Discussed in this essay: The Invisible Jewish Budapest: Metropolitan Culture at the Fin de Siècle, by Mary Gluck. University of Wisconsin Press, 2016, 272 pages.

BEFORE WE GET to the Budapest of café society, cutthroat rounds of klabriatsch (a card game of legendary difficulty), bosomy beauties, wine and song, a little history seems in order: Austria-Hungary formally became a nation in 1867, when the Hapsburg imperium annexed its fertile plains. Budapest, Hungary’s largest city, was formed six years later, in 1873, from the pretty village of Buda, the commercial town of Pest, and the suburb of Obuda, spanning the Danube. A quarter of the city’s inhabitants were Jews, whose complete political emancipation also dated from 1867.
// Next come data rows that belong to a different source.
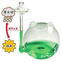 水位の上下の動きでお天気の変化を予想します。バロメーター(気圧計)の原理を使用した簡易的な天気予報インテリアです。お天気かえるに水を注入するだけで気圧の変化が管の水位にあらわれ、数時間後の天気を予測します。
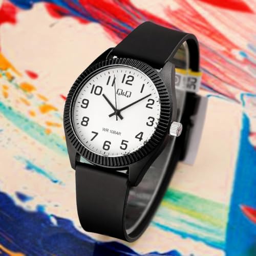 Q&Q - Q&Q Black Resin Band & White Dial Watch For Men - V12A-010VY
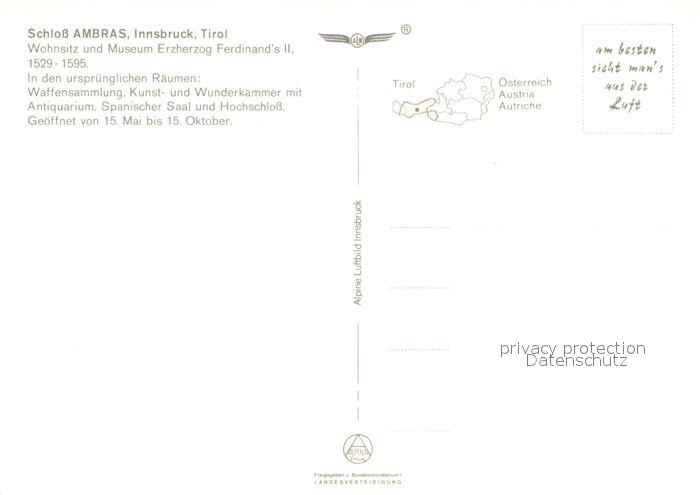 73245807 Innsbruck Schloss Ambras Fliegeraufnahme postalisch nicht gelaufen Erhaltung siehe scans [FriedD77] KatCode: 11390332070101

Hungary in the mid-19th century had a landed aristocracy of booted and spurred horsemen/hunters, and a peasantry that worked the huge estates and served as domestics, but it lacked a native bourgeoisie. The middle class of merchants, accountants, physicians, and lawyers came from other parts of the empire, and increasingly from those “rootless cosmopolitans,” the Jews. In her fascinating, well-documented history of short-lived Jewish Budapest, Mary Gluck presents the questions of modernity and of Jewish identity as the central dynamics of this culture or, as she says, “the development of a uniquely Jewish modernity that became part of the Hungarian cultural landscape.”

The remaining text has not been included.